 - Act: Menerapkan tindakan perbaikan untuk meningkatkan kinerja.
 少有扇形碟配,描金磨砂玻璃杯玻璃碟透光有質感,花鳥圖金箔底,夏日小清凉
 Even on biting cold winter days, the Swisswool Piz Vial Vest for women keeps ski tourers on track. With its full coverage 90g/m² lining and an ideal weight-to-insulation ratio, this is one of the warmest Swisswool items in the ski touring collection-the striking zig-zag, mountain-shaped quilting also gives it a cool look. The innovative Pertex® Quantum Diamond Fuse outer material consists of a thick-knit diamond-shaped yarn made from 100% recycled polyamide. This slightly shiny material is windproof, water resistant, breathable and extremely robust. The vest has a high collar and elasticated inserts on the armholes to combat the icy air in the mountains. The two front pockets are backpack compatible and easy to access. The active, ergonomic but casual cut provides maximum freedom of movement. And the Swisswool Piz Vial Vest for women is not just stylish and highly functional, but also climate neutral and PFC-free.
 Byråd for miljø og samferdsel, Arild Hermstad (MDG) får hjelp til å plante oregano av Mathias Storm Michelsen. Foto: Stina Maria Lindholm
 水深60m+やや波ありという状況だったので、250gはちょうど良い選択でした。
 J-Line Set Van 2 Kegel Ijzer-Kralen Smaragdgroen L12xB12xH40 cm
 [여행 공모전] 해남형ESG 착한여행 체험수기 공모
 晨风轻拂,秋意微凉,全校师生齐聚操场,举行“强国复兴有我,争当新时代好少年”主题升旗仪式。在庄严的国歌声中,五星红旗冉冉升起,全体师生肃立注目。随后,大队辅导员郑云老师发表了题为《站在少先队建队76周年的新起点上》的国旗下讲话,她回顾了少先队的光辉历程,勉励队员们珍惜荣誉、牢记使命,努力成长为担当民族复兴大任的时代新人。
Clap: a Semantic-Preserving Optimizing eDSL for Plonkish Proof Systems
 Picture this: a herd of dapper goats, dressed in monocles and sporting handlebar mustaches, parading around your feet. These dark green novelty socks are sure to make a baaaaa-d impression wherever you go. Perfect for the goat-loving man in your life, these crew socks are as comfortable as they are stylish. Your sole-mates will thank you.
--
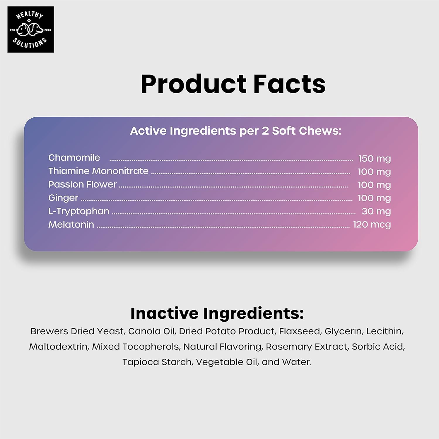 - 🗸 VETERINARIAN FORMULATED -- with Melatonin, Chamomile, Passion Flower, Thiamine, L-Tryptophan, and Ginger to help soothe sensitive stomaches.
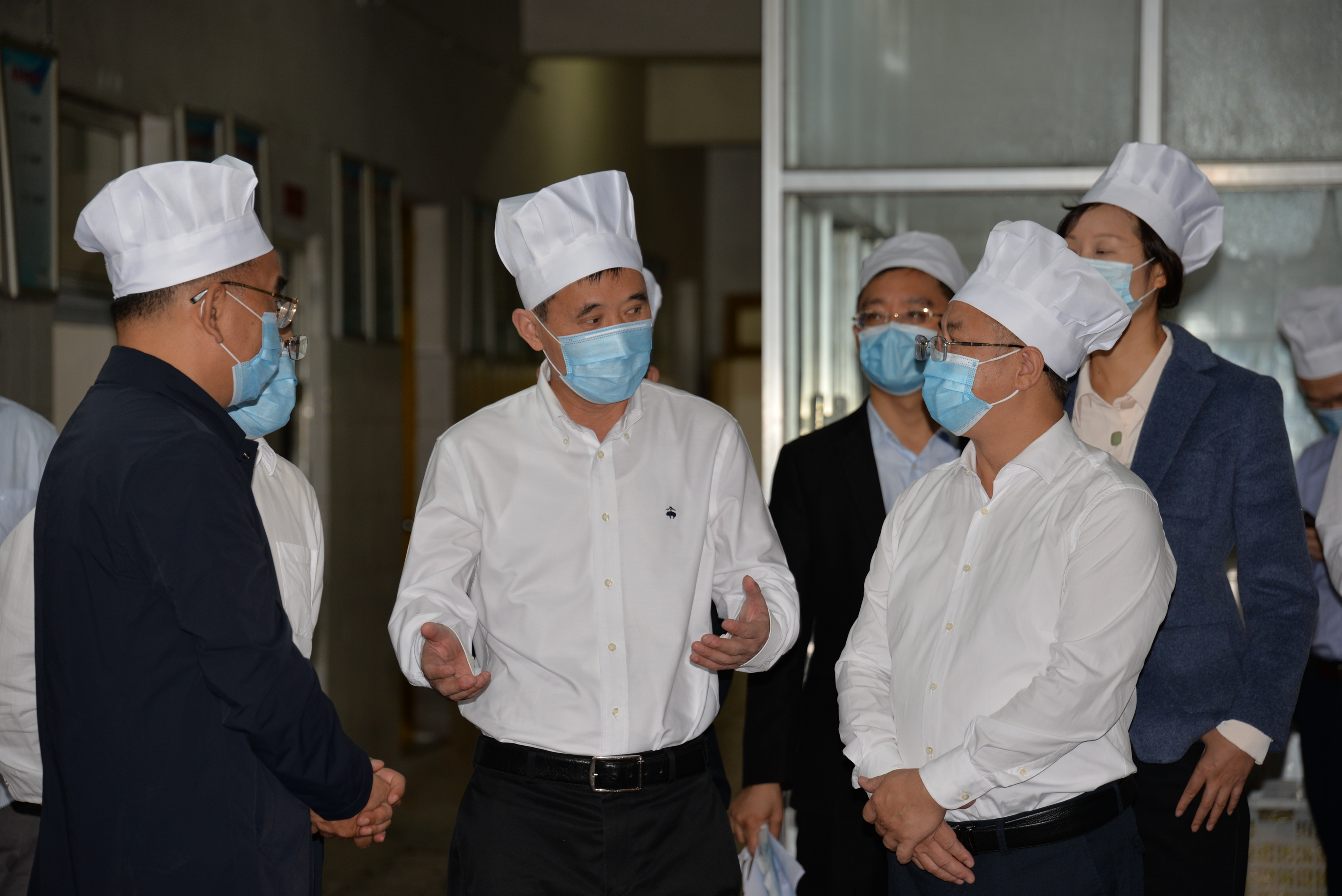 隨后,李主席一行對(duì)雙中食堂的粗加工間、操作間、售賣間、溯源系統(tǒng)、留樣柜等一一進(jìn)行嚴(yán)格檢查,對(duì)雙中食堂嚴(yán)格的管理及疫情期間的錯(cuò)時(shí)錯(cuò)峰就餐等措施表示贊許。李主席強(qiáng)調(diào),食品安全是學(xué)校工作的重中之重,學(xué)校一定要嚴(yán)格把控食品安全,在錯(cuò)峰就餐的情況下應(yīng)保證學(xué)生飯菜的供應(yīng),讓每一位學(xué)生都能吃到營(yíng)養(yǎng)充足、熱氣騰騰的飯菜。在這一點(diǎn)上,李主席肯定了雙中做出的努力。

**REQUIRED ACTION**
Print the lines above from the one with "J-Line Set Van" through the one with "Clap: a Semantic-Preserving", both included, exactly as written and nothing more.

**ANSWER SPACE**
 J-Line Set Van 2 Kegel Ijzer-Kralen Smaragdgroen L12xB12xH40 cm
 [여행 공모전] 해남형ESG 착한여행 체험수기 공모
 晨风轻拂,秋意微凉,全校师生齐聚操场,举行“强国复兴有我,争当新时代好少年”主题升旗仪式。在庄严的国歌声中,五星红旗冉冉升起,全体师生肃立注目。随后,大队辅导员郑云老师发表了题为《站在少先队建队76周年的新起点上》的国旗下讲话,她回顾了少先队的光辉历程,勉励队员们珍惜荣誉、牢记使命,努力成长为担当民族复兴大任的时代新人。
Clap: a Semantic-Preserving Optimizing eDSL for Plonkish Proof Systems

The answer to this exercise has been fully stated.